Voilà la triste odyssée d’une jeune femme qui fuit sa famille turque et son mari engoncé dans la goujaterie patriarcale.
Le film de Feo Aladag, dont la sortie est toute récente, démarre au milieu d’un ensemble d’HLM implanté dans un paysage désolé quelque part en Turquie. Umay étouffe, et un jour différent des précédents, elle s’évade et s’en va rejoindre sa famille à Berlin. Mauvais choix.
En retrouvant dans la capitale allemande sa mère, son père, sa sœur et ses deux frères, elle se heurte aux mêmes codes d’honneur et de déshonneur qu’elle subissait en Turquie. La place d’une femme est auprès de son mari lui articulent fermement ses parents.
L’honneur d’une famille étant plus fort que les sentiments familiaux, elle ne peut finalement compter ni sur son père ni sur sa mère qui apparaissent au premier chef comme des parents aimants.
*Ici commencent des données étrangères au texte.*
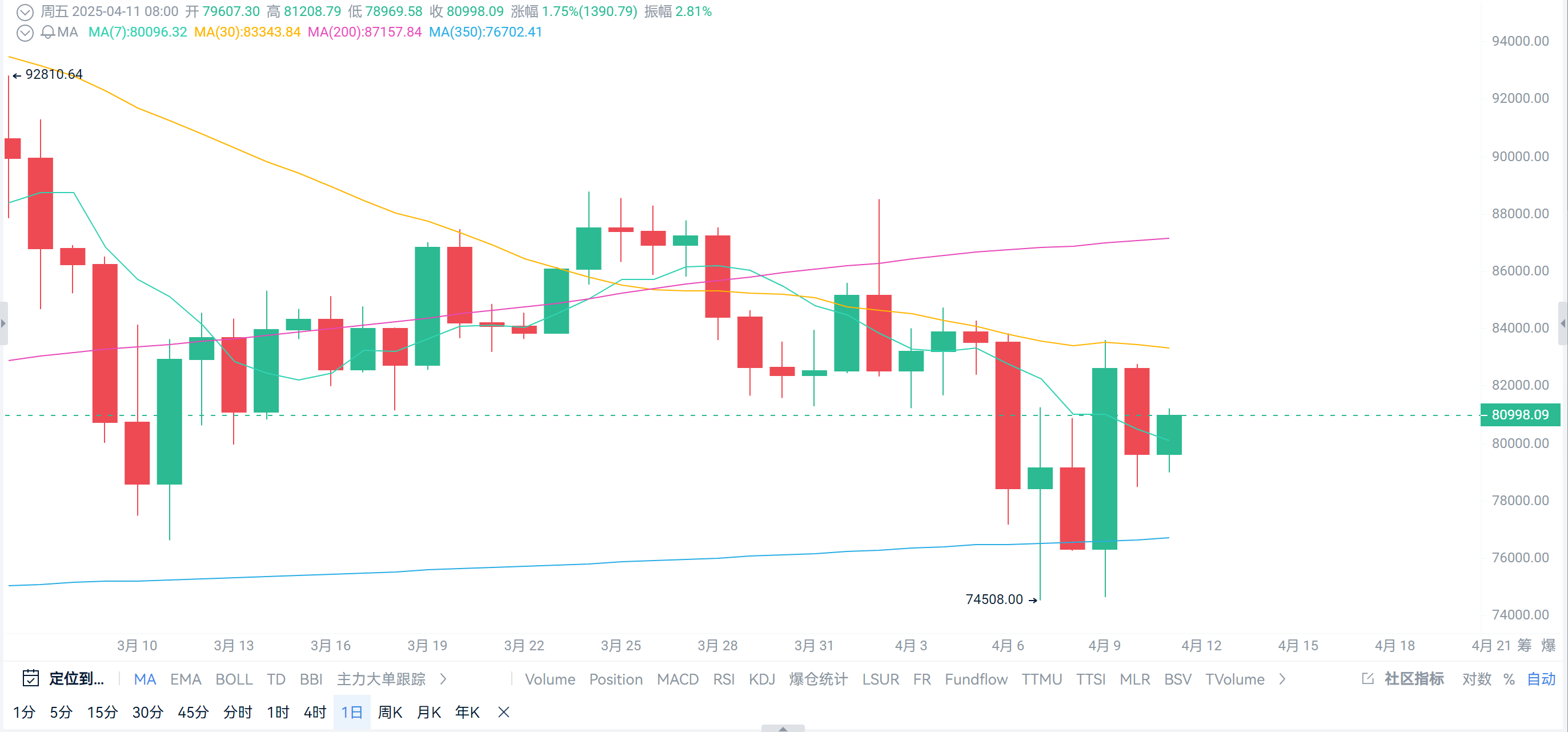 Back to the market, let’s first look at the inflation data released by the US yesterday for March. The CPI rose 2.4% year-on-year, the lowest level in seven months, which is lower than the forecast data we saw earlier; secondly, the core CPI rose 2.8% year-on-year, marking a decline for the second consecutive month, and lower than the expected 3%. It is evident that the inflation data is a positive for BTC, but the market has not seen an upward movement. US stocks, US debt, and the dollar have all fallen sharply, and capital is accelerating its exit from the US. Gold has once again reached a historical high. Our trade war with the US is still ongoing, and yesterday's actions seem to have not stopped. The yield on the 10-year US Treasury bond continues to rise. Previously, we saw US stocks fall, and US debt prices rise, meaning US debt yields would fall. But this is no longer the case; funds are no longer treating US debt as a safe haven, while gold prices have once again reached a historical high. This also indicates that the global demand for safe assets is collectively shifting towards gold. On the other hand, in June this year, a large number of US debts will mature, and there will be a need for refinancing to repay these debts, most of which are short-term US debts. Under the influence of Trump's tariff strategy, the market is increasingly worried about the US fiscal situation. US debts have also seen massive sell-offs, maintaining high yields, which means that refinancing costs are higher, directly contradicting Trump's strategy.

Mais la pression vient de partout, insupportable. L’un des points forts du film se fait jour lorsqu’elle cherche à fuir cet appartement berlinois et qu’elle s’aperçoit que la porte d’entrée est fermée à double tour. Elle se résout alors à appeler la police allemande qui intervient avec toute la fermeté requise et qui la place avec son petit garçon dans un foyer adapté.
Ce film est terrible parce qu’il se fait l’écho des faits divers déjà lus dans les journaux autour des crimes d’honneur en Turquie et aussi dans d’autres pays. On devine facilement qu’il n’y aura pas de dénouement heureux. Umay est décidée à faire front mais le maillage communautaire la conduit de piège en piège et de cris en gifles. C’est comme un corps humain face à des broyeurs de chantier et la partie est, de toute évidence, perdue d’avance. Cette traque d’une jeune femme qui voudrait seulement respirer est insupportable. Le film progresse autant que l’étau se resserre.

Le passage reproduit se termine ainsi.